BYD's first-half net profit rose due to higher electric-vehicle sales and a stronger handset-components and assembly business despite weak demand in the world's largest auto market.

The Chinese EV giant said Wednesday that its net profit climbed 24% to 13.63 billion yuan, equivalent to $1.91 billion, in the first half of 2024 from a year earlier.

Its revenue rose 16% to 301.13 billion yuan, driven by robust sales of its EV models despite slowing Chinese auto demand.

Both measures missed consensus estimates by data provider Visible Alpha. Analysts had expected the company to post net profit of 15.35 billion yuan on 331.03 billion yuan in revenue.

Revenue from the company's main automobile business rose 9.3% to 228.32 billion yuan, while revenue from handset components, assembly service and other products jumped 42% to 72.78 billion yuan.

BYD said its gross profit margin increased to 20.0% from 18.3% a year earlier, thanks to the stronger EV business. The company is one of the few Chinese EV makers that have reported double-digit gross margins. Li Auto reported a gross margin of 19.5% for the second quarter, while EV leader Tesla posted an automotive gross margin of 14.6%.

The company delivered 426,039 fully electric vehicles in the second quarter, up 21% from a year earlier. Rival Tesla sold 443,956 units during the period, maintaining its position as the world's top EV seller. The Chinese automaker briefly overtook Tesla in battery EV sales in the fourth quarter last year.

BYD and other major Chinese EV makers have been aggressively expanding overseas amid a continuing price war in a crowded home market and increased tariff pressure from major trade partners.

The company on Wednesday said it will accelerate localized manufacturing, after the European Union finalized additional tariffs on imported China-made EVs this month, with BYD facing extra duties of 17%, compared with 9% for Tesla.

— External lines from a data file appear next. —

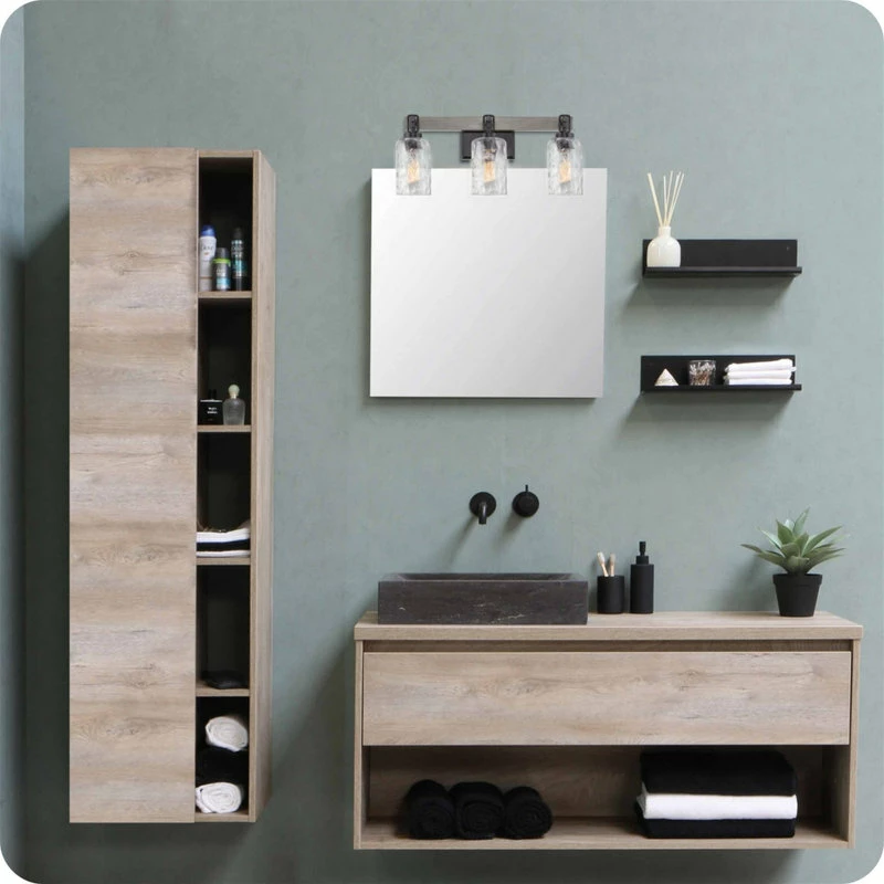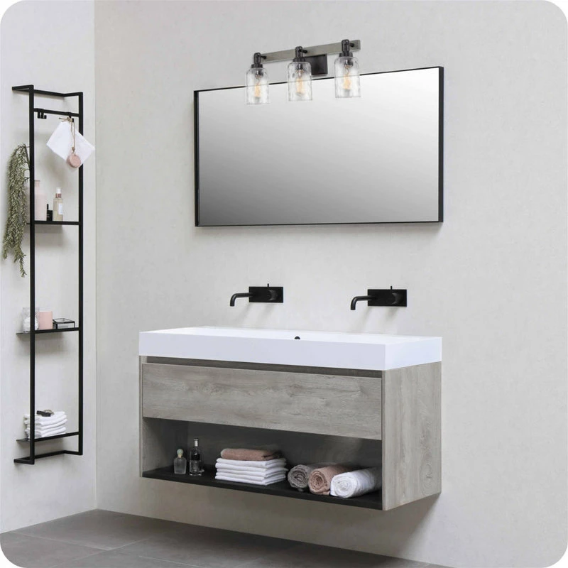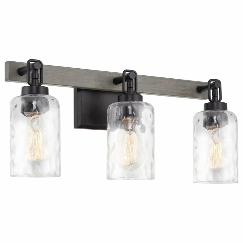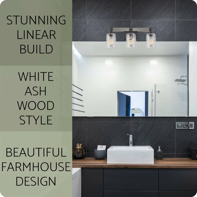 - MODERN FARMHOUSE DESIGN: Metal wall vanity light showcases a black finish with complementing clear hammered glass shades, fitting styles such as rustic & industrial. Gray oak wood style linear bar adds extra wow factor & allows for up/down installation
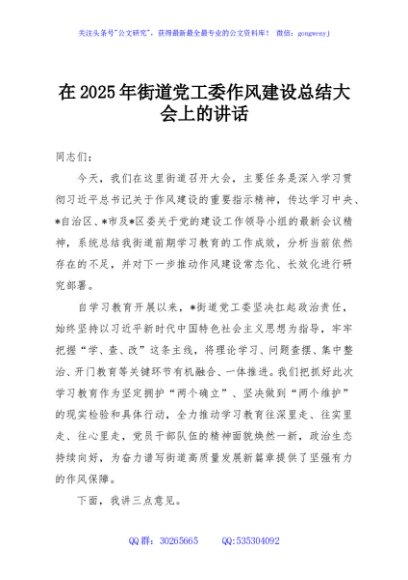 / 在2025年街道党工委作风建设总结大会上的讲话
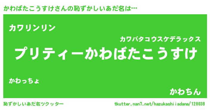 | ヒーロー風カッコイイあだ名 | 『スーパーカワバタコウスケ』 |

At the same time, BYD has continued to boost its research-and-development investment to better compete with other Chinese automakers in the fast-growing field of autonomous driving. Its R&D expenses rose 42% to 19.62 billion yuan in the first half.

On Tuesday, the Shenzhen-based company said it will collaborate with Chinese tech titan Huawei on self-driving technology. Its premium brand, Fangchengbao, will use Huawei's advanced autonomous-driving system for the Bao 8 SUV, which is set to launch later this year.

 

Write to Jiahui Huang at jiahui.huang@wsj.com

 

(END) Dow Jones Newswires

August 28, 2024 08:22 ET (12:22 GMT)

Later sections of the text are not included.